In looking at relative supply, average educational attainment of labor force has the most prominent change. While college graduates’ labor force almost doubled, high school dropout’s fell about 2/3. Comparing from the same positive wage change, it infers that relative demand has shifted.  It also shows that largest increase in supply of college graduates is during 1971-1979. And that’s when college wage premium declined. While as the next decade, supply drops and wage premium increased. That explains the trend in college wage premium.

As for women, their labor force growth increased rapidly in 1970s than in 1960s and 1980s. With secular growth in relative demand for women concentrated industries, this explains the wage growth for women in 1980s than in 1970s. Similar stories exist for workers with experience versus younger workers.

When formally examine causal relationship between relative supply change and relative wage change, it shows that groups with largest supply increase also have the largest wage growth. This infers the importance of demand change.
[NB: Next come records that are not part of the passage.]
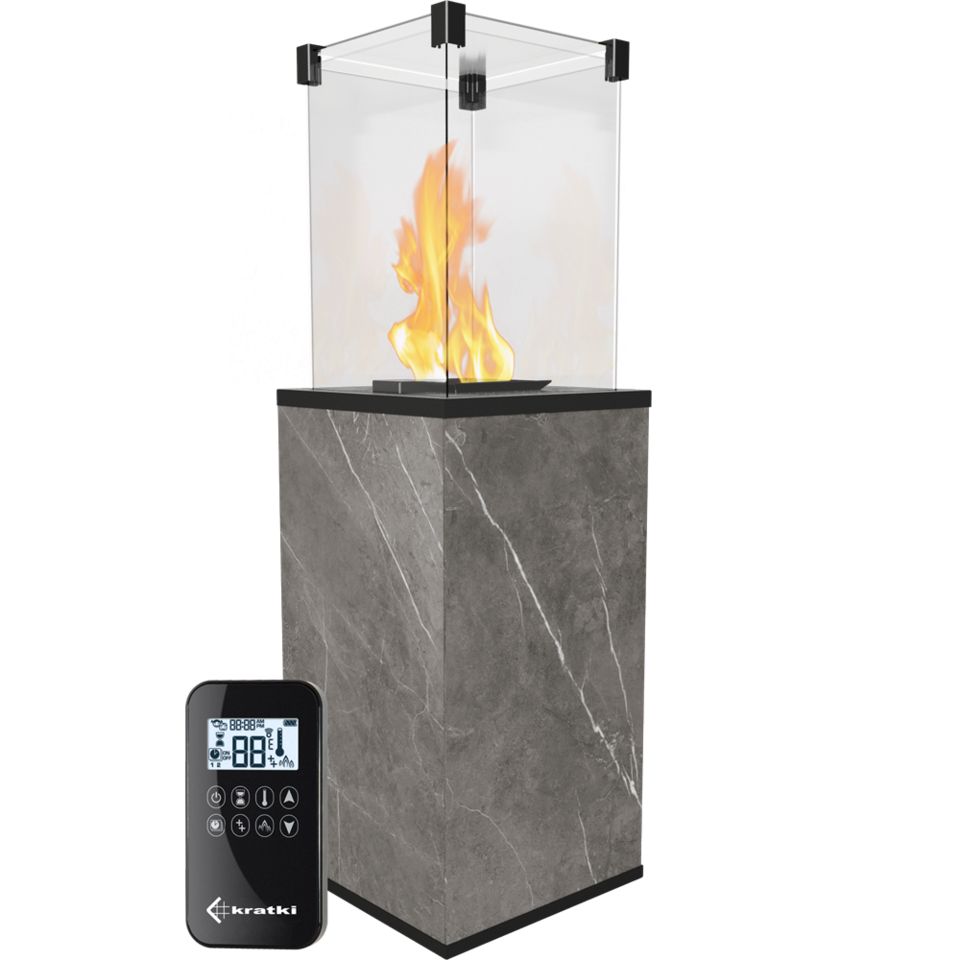 Газовый камин Kratki Patio/G31/37MBAR/Q/N/P/G Naturali Pietra Grey керамогранит пульт ДУ
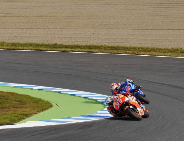 300mmの望遠だと、V席でも少し遠く感じる。 MotoGPのフリー走行が終わって、インターバル中にホスピタルガーデン内の Moto2のフリー走行開始。今年は中上の調子が良いので期待大だ。
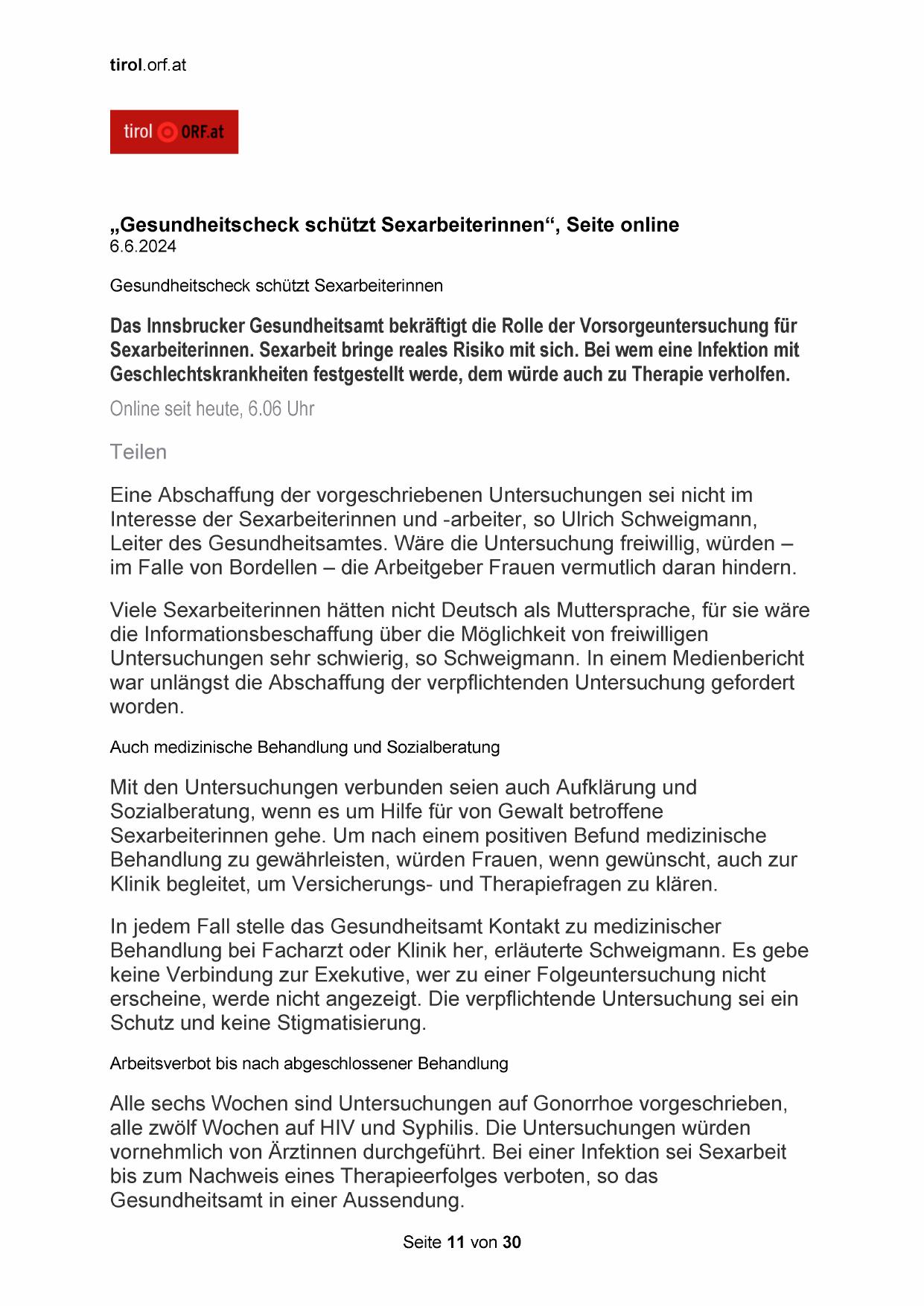 „Gesundheitscheck schützt Sexarbeiterinnen“, Seite online

The paper further analyze demand shift. It decomposes demand shift into within industry shifts and between industry shifts. Within industry shifts is about changes of relative factor intensities within industries at fixed relative wage, while as between shifts is about changes in allocation of total labor demand across industries at fixed wage. Between industry demand shift depends on group differences of employment distribution. The shift over the whole period shows the outflow of low tech and basic manufacturing and inflow of professional and business services, which favors college graduates and women.

Suppose there is only between industry demand shift and relative supply change, all that has positive demand shift with increase of wage should have decreased share within each industry. But data doesn’t agree. This shows within industry demand shift. Similar to the overall demand shifting model is constructed for between and within industry demand shift.  Measurement is constructed using industry*occupation categories. Between industry shifts for college graduates decelerated in the 1980s, and within industry demand shifts have accelerated.

This paper further examines demand shifts resulted from international trade. Equal allocation method treats net imports as an analogous to domestic production for domestic consumption. Production worker allocation method treats exports allocated to all in the, but imports allocated to production workers only. Data shows that effects on relative labor demand of trade were moderate until substantial trade deficits in 1980s. This negatively affects high school dropouts, especially female dropouts. It tends to explain the education wage premium differentials. But, the relative supply change is more dramatic than the impact of international trade.

To understand the education wage differentials, several interpretations have: 1. Changes in relative earnings represents changes in relative market price of skills by college and high school graduates. 2. Composition of college and high school graduates affect the relative skill level.

CES production function model depicts the relationship between high school and college school graduates in terms of labor input factors. The elasticity of substitution between college and high school equivalents shows the change in relative demand given fixed relative supply and price. The greater the elasticity, the higher change in quantity when wage changes. Low elasticity of substitution indicates smooth change in quantity when wage changes.  OLS and imputation methods are used to approximate the value of the elasticity. 1.41 is approximately the reasonable value for the elasticity of substitution between college and high school labor.

Lastly, the paper examines experience differentials. Pattern of changes in experience differentials for all men is dominated by changes for those with less than 16 years of schooling. This is an evidence for the “active labor market” hypothesis. It tells that changes in labor market show up most sharply for new entrants, because senior workers are insulated by labor market institutions. The shrinking of manufacturing sectors in the 1980s is impacting on young less educated males from such hypothesis.